Once "關於 USDT 合規性的不確定性,市場上存在不同看法。一些觀點認為" turns up in a line below, reproduce that line and those after it exactly, stopping after the line with "Charming bracelet with"; leave pictures out.

## Data shown

┌──

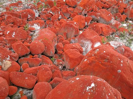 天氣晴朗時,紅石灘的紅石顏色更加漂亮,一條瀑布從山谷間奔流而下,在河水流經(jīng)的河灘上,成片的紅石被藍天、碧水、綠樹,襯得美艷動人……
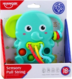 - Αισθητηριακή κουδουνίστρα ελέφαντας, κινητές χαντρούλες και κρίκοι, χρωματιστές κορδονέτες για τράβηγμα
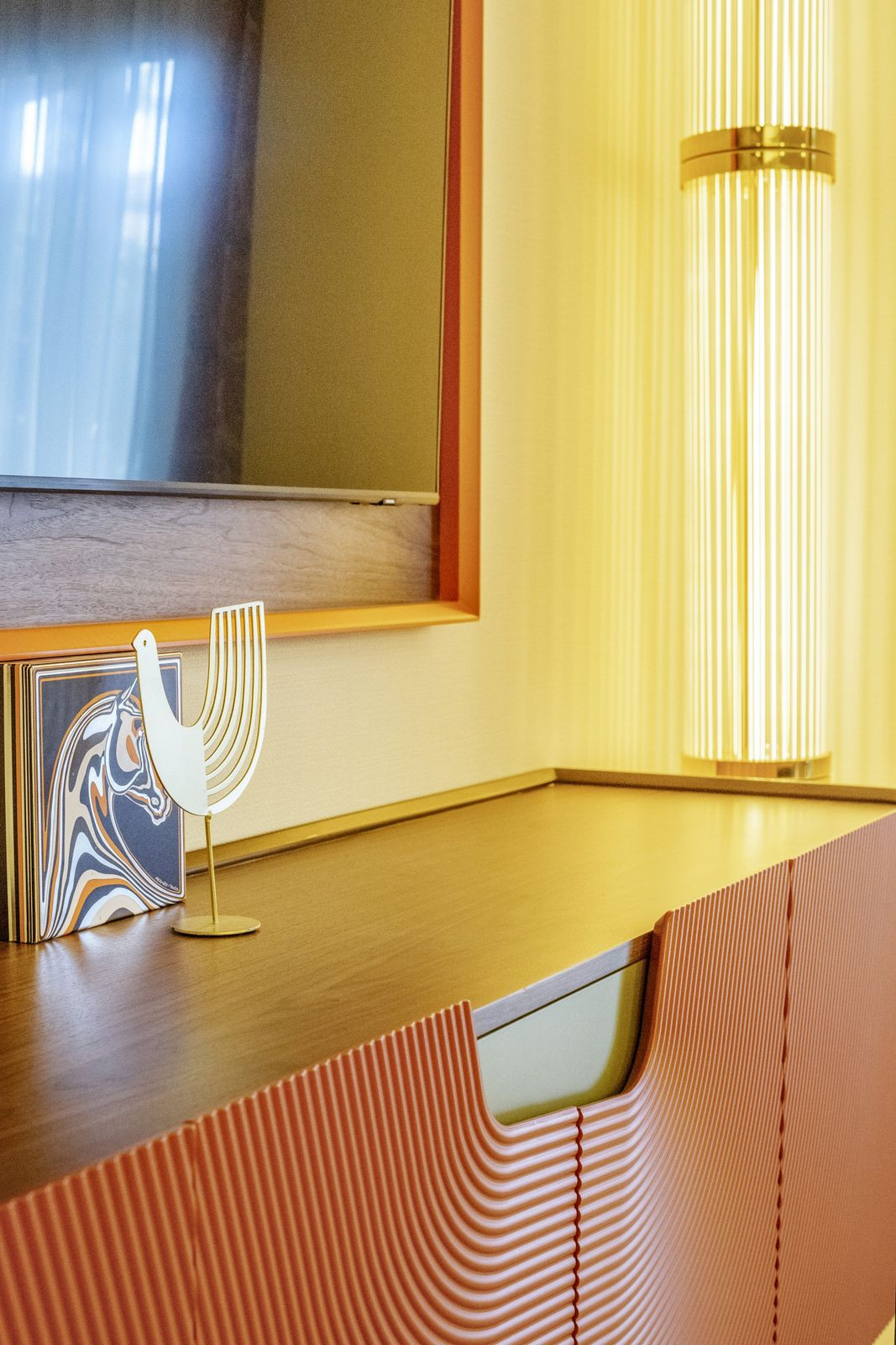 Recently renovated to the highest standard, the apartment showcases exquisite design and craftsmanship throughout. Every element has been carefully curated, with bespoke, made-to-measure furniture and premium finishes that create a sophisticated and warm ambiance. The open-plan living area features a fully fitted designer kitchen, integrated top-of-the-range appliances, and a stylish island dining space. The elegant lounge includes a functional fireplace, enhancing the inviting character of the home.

└──
┌──

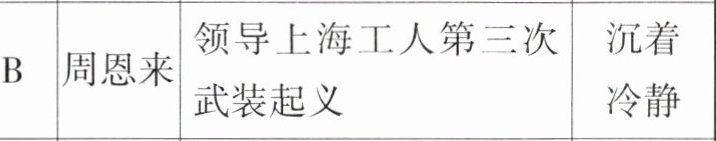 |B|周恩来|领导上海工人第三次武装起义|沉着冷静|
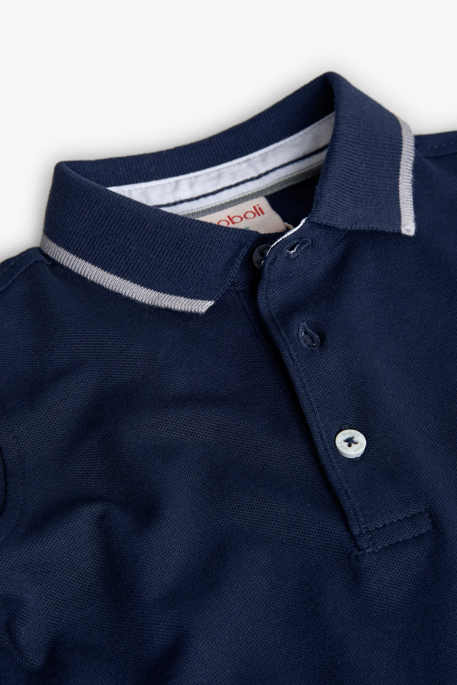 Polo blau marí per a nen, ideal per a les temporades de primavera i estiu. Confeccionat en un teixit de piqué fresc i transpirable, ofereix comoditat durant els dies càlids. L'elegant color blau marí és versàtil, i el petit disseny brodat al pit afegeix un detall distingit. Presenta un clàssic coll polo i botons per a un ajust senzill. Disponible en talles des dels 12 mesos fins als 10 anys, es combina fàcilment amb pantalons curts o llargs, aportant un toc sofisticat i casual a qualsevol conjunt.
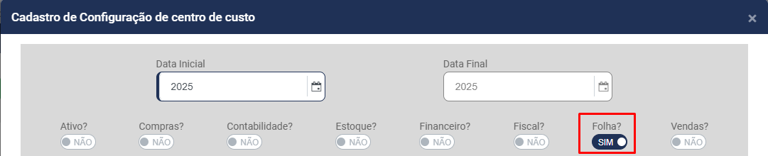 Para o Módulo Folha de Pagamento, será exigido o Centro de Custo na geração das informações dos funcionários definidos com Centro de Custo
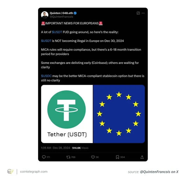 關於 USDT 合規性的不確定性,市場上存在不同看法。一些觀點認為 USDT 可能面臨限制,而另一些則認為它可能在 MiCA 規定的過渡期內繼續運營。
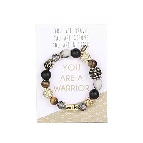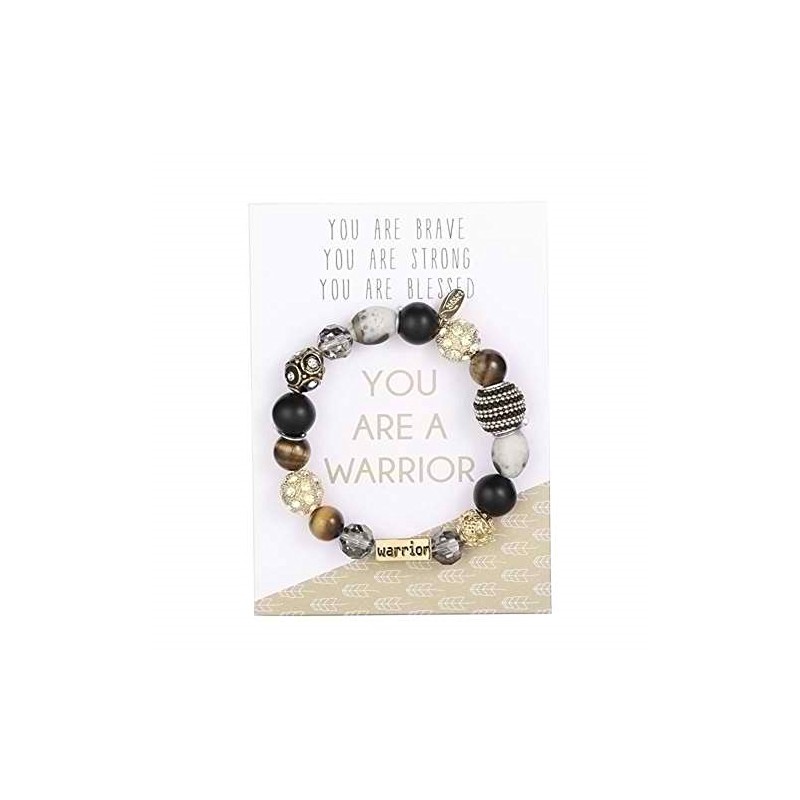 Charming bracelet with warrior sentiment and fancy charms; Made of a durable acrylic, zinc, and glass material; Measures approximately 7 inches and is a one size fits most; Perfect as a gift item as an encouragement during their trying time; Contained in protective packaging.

└──

## Problem solution
 關於 USDT 合規性的不確定性,市場上存在不同看法。一些觀點認為 USDT 可能面臨限制,而另一些則認為它可能在 MiCA 規定的過渡期內繼續運營。
 Charming bracelet with warrior sentiment and fancy charms; Made of a durable acrylic, zinc, and glass material; Measures approximately 7 inches and is a one size fits most; Perfect as a gift item as an encouragement during their trying time; Contained in protective packaging.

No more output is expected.